## About this task
From the records below, please repeat exactly the line that has "Dann kommt ein", the line that has "花好月圓矢量書法手寫毛筆字", and every line between them, and nothing else.

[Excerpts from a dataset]
::::::::::

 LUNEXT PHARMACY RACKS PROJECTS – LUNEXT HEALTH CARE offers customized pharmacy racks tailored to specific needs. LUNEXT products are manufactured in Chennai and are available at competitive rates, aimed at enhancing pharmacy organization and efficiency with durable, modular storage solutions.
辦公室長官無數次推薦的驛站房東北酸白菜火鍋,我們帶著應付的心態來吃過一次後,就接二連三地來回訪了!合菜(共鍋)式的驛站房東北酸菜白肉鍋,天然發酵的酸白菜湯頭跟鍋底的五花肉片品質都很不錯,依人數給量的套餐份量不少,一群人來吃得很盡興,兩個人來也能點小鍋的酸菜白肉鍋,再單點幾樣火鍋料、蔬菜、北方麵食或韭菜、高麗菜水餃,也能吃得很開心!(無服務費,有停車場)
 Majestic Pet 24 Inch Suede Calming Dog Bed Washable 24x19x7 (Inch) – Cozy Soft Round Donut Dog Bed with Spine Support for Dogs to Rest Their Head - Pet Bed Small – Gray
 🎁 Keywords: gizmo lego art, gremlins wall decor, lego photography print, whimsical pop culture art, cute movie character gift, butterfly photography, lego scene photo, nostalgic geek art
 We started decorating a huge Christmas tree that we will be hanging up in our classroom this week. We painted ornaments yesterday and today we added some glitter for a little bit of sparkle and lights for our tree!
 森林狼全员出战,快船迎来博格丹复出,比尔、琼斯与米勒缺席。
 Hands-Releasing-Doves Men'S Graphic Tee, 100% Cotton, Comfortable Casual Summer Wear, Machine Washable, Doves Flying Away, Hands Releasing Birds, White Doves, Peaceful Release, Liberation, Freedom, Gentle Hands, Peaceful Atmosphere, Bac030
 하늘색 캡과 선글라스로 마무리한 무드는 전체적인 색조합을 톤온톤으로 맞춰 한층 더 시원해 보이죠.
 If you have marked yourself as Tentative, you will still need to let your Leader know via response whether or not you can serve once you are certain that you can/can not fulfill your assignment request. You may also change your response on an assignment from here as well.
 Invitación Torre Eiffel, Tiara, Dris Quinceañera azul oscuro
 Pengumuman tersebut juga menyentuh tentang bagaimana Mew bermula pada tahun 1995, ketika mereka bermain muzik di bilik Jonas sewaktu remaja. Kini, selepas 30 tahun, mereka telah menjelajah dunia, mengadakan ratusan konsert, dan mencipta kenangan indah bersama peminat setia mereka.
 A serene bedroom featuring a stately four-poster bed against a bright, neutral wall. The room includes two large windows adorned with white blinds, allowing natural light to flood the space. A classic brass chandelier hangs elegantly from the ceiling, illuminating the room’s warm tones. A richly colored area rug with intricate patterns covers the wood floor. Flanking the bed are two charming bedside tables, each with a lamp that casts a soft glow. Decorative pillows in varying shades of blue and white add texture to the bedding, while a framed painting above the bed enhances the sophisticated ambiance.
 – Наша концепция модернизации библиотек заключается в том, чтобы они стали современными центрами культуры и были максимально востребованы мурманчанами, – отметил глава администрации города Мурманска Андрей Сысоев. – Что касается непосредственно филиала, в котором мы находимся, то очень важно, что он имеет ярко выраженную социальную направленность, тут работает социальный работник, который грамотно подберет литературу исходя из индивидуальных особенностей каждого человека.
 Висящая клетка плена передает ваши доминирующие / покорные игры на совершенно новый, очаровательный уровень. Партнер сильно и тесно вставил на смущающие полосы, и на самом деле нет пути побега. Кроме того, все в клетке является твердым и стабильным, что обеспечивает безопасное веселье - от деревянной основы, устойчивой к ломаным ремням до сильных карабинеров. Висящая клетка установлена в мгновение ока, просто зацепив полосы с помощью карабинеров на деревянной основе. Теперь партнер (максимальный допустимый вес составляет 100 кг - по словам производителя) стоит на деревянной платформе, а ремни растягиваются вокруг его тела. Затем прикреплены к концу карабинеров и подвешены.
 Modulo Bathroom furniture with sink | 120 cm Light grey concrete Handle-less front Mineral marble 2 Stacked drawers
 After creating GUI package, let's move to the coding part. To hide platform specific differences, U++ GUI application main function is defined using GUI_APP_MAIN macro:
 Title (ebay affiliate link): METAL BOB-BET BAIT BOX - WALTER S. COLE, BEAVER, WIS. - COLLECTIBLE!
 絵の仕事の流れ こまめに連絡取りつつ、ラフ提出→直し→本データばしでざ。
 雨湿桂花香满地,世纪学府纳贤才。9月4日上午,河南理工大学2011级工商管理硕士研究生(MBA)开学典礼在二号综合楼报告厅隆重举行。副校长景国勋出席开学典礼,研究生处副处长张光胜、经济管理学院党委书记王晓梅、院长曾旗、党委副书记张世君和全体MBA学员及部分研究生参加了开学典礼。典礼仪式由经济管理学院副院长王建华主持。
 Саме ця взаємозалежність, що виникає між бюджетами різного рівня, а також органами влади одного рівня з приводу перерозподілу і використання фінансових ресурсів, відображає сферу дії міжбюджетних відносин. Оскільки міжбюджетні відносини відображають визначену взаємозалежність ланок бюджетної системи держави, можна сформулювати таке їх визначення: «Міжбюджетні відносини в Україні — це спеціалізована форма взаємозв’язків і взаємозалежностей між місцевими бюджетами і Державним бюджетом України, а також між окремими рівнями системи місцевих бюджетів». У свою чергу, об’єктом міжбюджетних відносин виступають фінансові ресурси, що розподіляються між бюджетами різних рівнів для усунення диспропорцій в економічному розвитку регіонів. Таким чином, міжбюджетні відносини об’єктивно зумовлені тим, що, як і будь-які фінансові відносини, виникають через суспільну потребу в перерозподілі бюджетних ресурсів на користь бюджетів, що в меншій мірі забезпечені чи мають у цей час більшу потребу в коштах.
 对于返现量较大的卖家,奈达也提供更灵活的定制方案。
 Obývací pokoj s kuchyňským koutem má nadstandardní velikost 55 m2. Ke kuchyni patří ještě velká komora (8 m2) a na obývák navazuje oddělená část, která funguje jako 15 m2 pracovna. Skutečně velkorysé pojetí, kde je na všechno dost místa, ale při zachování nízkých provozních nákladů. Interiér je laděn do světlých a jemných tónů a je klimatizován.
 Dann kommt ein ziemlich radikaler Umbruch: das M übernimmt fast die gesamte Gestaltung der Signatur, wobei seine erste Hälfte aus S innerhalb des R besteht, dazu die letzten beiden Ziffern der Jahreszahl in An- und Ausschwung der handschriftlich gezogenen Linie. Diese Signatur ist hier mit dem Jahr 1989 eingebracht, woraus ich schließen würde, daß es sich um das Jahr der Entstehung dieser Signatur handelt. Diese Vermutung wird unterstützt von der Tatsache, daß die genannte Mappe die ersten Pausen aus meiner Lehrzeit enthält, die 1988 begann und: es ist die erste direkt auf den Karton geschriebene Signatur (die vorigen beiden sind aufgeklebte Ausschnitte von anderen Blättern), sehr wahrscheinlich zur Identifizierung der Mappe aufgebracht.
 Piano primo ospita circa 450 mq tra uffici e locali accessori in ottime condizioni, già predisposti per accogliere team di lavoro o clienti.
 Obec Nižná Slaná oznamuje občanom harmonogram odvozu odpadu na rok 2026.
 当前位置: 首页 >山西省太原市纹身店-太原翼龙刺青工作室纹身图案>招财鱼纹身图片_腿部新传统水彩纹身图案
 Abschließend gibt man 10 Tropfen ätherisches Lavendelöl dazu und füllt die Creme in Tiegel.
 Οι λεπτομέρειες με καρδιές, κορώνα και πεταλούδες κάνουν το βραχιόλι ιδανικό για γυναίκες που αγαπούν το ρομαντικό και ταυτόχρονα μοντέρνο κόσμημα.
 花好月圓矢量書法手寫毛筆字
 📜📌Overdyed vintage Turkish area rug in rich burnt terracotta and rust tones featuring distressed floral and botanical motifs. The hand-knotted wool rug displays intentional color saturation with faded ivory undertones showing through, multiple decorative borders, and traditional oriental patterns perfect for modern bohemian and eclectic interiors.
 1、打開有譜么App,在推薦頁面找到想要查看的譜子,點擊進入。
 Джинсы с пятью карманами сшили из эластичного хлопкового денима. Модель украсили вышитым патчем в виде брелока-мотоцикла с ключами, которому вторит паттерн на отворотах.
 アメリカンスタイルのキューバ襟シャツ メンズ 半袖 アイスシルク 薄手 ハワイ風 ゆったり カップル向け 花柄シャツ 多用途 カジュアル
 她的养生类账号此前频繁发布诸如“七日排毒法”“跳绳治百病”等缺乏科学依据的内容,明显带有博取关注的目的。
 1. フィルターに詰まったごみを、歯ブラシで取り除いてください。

::::::::::

## Solution
 Dann kommt ein ziemlich radikaler Umbruch: das M übernimmt fast die gesamte Gestaltung der Signatur, wobei seine erste Hälfte aus S innerhalb des R besteht, dazu die letzten beiden Ziffern der Jahreszahl in An- und Ausschwung der handschriftlich gezogenen Linie. Diese Signatur ist hier mit dem Jahr 1989 eingebracht, woraus ich schließen würde, daß es sich um das Jahr der Entstehung dieser Signatur handelt. Diese Vermutung wird unterstützt von der Tatsache, daß die genannte Mappe die ersten Pausen aus meiner Lehrzeit enthält, die 1988 begann und: es ist die erste direkt auf den Karton geschriebene Signatur (die vorigen beiden sind aufgeklebte Ausschnitte von anderen Blättern), sehr wahrscheinlich zur Identifizierung der Mappe aufgebracht.
 Piano primo ospita circa 450 mq tra uffici e locali accessori in ottime condizioni, già predisposti per accogliere team di lavoro o clienti.
 Obec Nižná Slaná oznamuje občanom harmonogram odvozu odpadu na rok 2026.
 当前位置: 首页 >山西省太原市纹身店-太原翼龙刺青工作室纹身图案>招财鱼纹身图片_腿部新传统水彩纹身图案
 Abschließend gibt man 10 Tropfen ätherisches Lavendelöl dazu und füllt die Creme in Tiegel.
 Οι λεπτομέρειες με καρδιές, κορώνα και πεταλούδες κάνουν το βραχιόλι ιδανικό για γυναίκες που αγαπούν το ρομαντικό και ταυτόχρονα μοντέρνο κόσμημα.
 花好月圓矢量書法手寫毛筆字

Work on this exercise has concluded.